| TASK OBJECTIVE |
Copy out the data from the line containing "Шифр С400.ЛУ.ПС Насосная" to its last line, exactly. No pictures.

| INFORMATION SHOWN |
#####
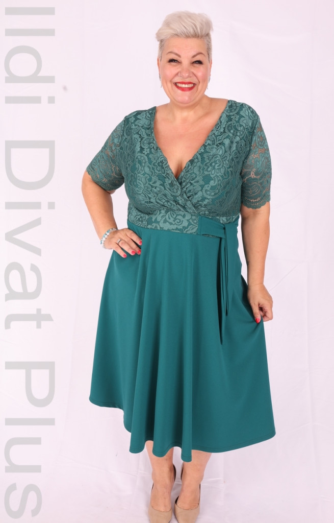 Zita smaragd-zöld színű, V-kivágott, mell részén csipkés és átlapolt, derék részén megkötős, A-vonalú ruha.
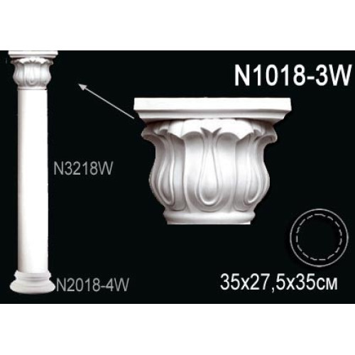 Капитель колонны N1018-3W из полиуретана Перфект Характеристики товара: Материал - из полиуретана. Высота - 27.5. Под покраску - Да. Коллекция - Перфект. Внешний диаметр - 35..
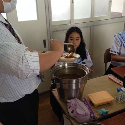 生徒の反応は、レトルトカレーよりも辛くなく温かいので全体的には好評で、もっと食べたいと言う生徒が多くいました。
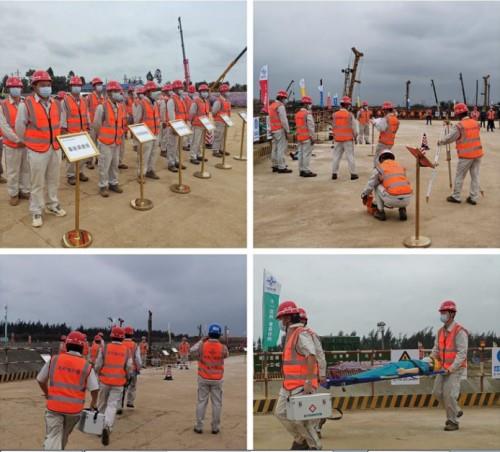 演练背景为2020年12月26日9点10分,因现场+23—+15土方开挖过程中未及时完成喷锚作业,导致土方坍塌,掩埋1名现场作业工人,现场人员发现后立即上报,项目应急指挥部接到报告后,迅速启动应急响应,组织应急小组人员展开应急救援,疏散警戒组做好现场人员疏导和警戒,防止无关人员进入;技术保障组对现场进行勘测,检查坍塌区域土方主体稳定性,提出救援方案;随后抢险救援组根据方案将被困人员救出,信息联络组和医疗救护组对被困人员紧急救护,并联系120将人员送往医院救治。
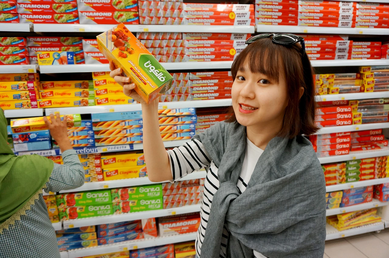 그러나 구경에 앞서 우리에겐 해결해야 할 숙제가 있었다. 수하물이 목적지인 남아공으로 바로 가버리는 탓에 면세점에서 선물로 산 화장품들을 캐리어에 싣지 못했고, 그래서 기내 액체류 제한을 넘게 된 것이다. 승무원은 우리에게 도하에 도착하면 20x20 사이즈의 지퍼락을 사서 화장품을 옮겨담으라고 알려주었다. 운 좋게도 빌라지오 안의 큰 까르푸 매장에서 규정에 꼭 맞는 지퍼락을 발견했다. 심봤다!
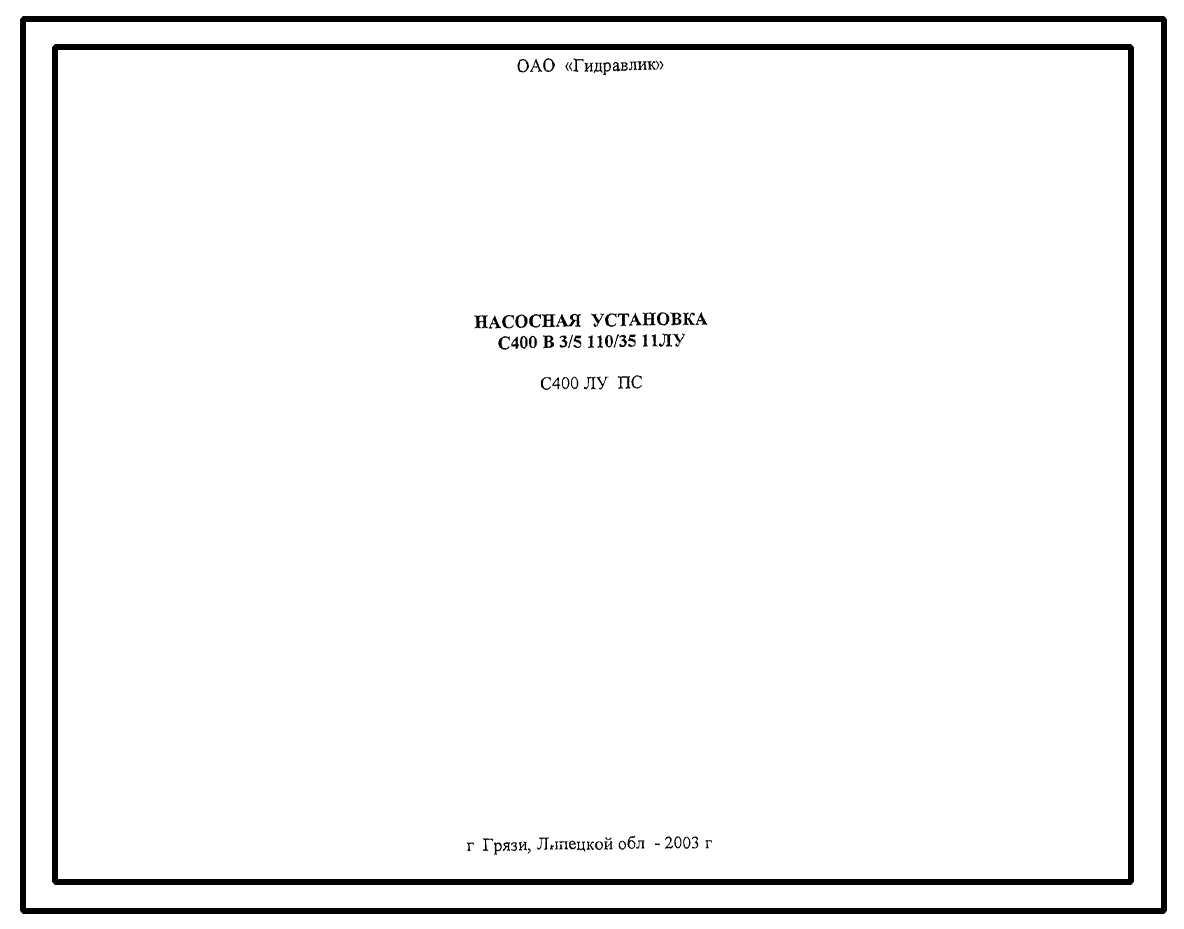 Шифр С400.ЛУ.ПС Насосная установка С400.В.3/5.110/35.11ЛУ
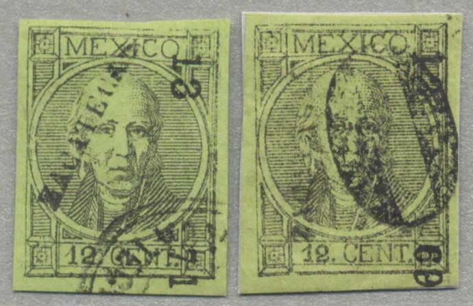 1869/71, 12c, black/green, (2), imperf, ZACATECAS district, used part ZACATECAS and full AGUASCALIENTES (Schatzkes 1854 and 1930), ex Provera, fresh and desirable, VF-XF! Estimate 200€.
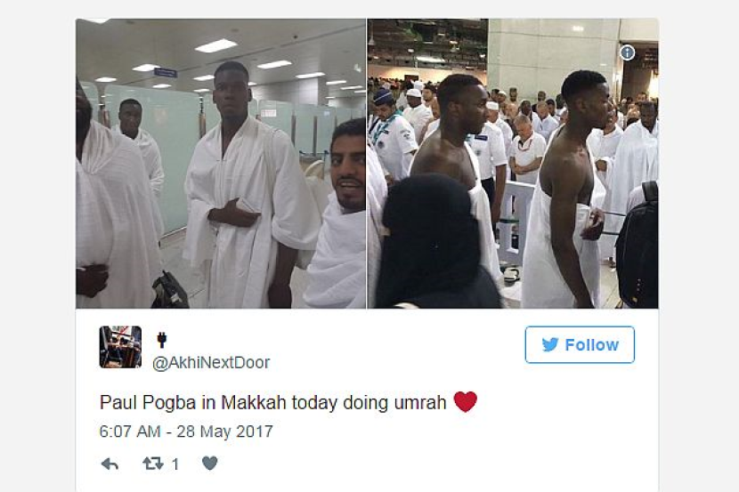 “Paul Pogba di Makkah hari ini, melakukan umrah,” tulis seorang pengguna akaun Twitter @AkhiNextDoor.
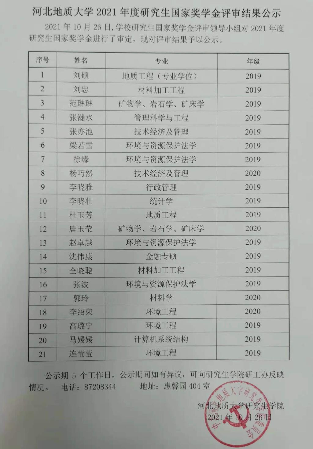 上一篇:河北地质大学2021年度研究生学业奖学金公示
#####
| RESULT |
 Шифр С400.ЛУ.ПС Насосная установка С400.В.3/5.110/35.11ЛУ
 1869/71, 12c, black/green, (2), imperf, ZACATECAS district, used part ZACATECAS and full AGUASCALIENTES (Schatzkes 1854 and 1930), ex Provera, fresh and desirable, VF-XF! Estimate 200€.
 “Paul Pogba di Makkah hari ini, melakukan umrah,” tulis seorang pengguna akaun Twitter @AkhiNextDoor.
 上一篇:河北地质大学2021年度研究生学业奖学金公示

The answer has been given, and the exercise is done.